Everything I did and said, was done so out of fear. I was afraid of him cheating again, scared that he was going to blame me for the new mess he got himself into, worried we would lose our home, and completely terrified of his next rampage.
I held together, every piece of our broken family while he did everything he could to destroy it. I endured over three years of relentless pain, worry, anguish, torment and mental mauling before I finally let go...
We had gotten into altercations before... Fights that got physical and left marks that I couldn’t hide... But that was nothing compared to this... He was going to kill me...
I was sick of being told what to do, left at home with the kids while he went out every night doing god only knows what, with god only knows who.... When I didn’t come home that night, something in him snapped! He waited up for me all night, and as soon as my car pulled into the driveway, he pounced on me like I was his prey.
Shouting insult, after insult, with my hair twisted up as tightly as he could get it. He was squeezing so hard that he was shaking, and his face pressed firmly against mine… He stopped shaking, gripped my hair tighter and pulled my face away from his so that he could look into my eyes as he said to me in the most evil scowl possible…. “I am going to f***ing KILL YOU!!!”
He instantly let go of me and ran out of the room. I didn’t waste a second, I locked the deadbolt behind him and protected my six year old daughter with my body. Less than a minute later, the door flew open with just one solid kick! This time wielding a samurai sword, he went straight for my head again, grabbing me by the hair like it was a handle.
It wasn’t till months later that someone else pointed out to me why he led me into the bathroom and threw me into the bathtub… The mess would be easier to clean….
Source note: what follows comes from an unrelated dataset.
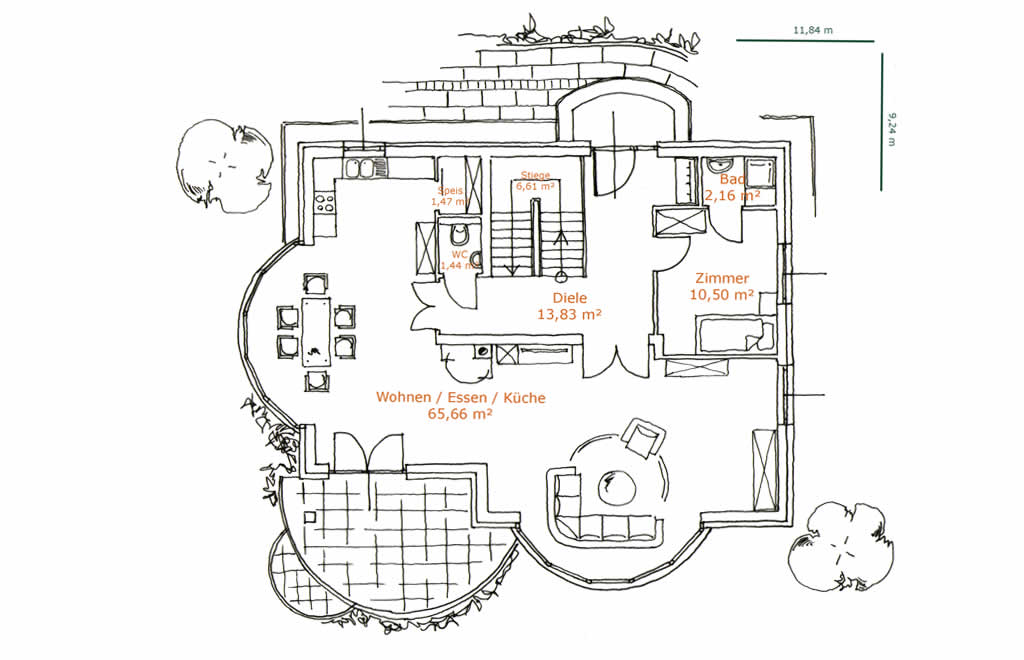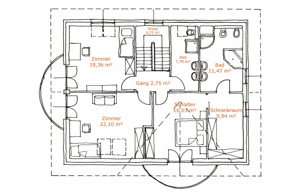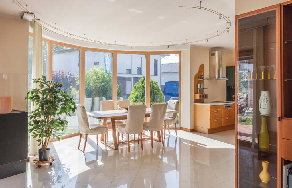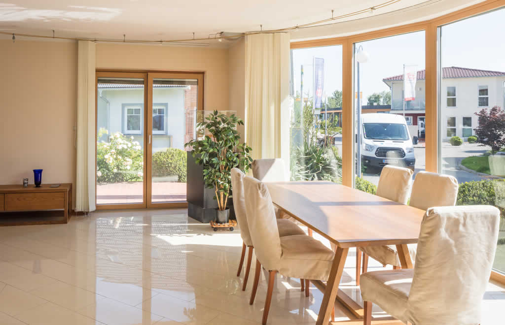 Das Musterhaus La Casa von X.HOMES besticht nicht nur durch sein repräsentatives Äußeres, sondern auch durch das perfekt geplante Innenleben. Die beiden Runderker lassen extrem viel Licht und Sonne ins Haus. Das großzügig angelegte Wohnzimmer ist mit der integrierten Küche das Zentrum des Geschehens, ein zusätzliches Zimmer auf dieser Ebene ergänzt das Raumprogramm. Im Obergeschoß ist mit drei Schlafzimmern und der Möglichkeit von zwei Bädern ausreichend Platz für eine große Familie.

I hate the fact that my daughter had to whiteness this horrific event… But if my little angel hadn’t cried out to her father to stop hurting mommy… I don’t think I would be here today.
cloudsoflife
Chilling. It's no wonder now you are suffering. I don't know what I can do about it now - I am being stripped of what I know and came to love, and plunged into the unknown. It saddens me greatly, but I must learn to trust. But, I have hope for you - whether you decide to continue posting truth here, continue in PM's, not continue, do something else... There is always hope - remember that.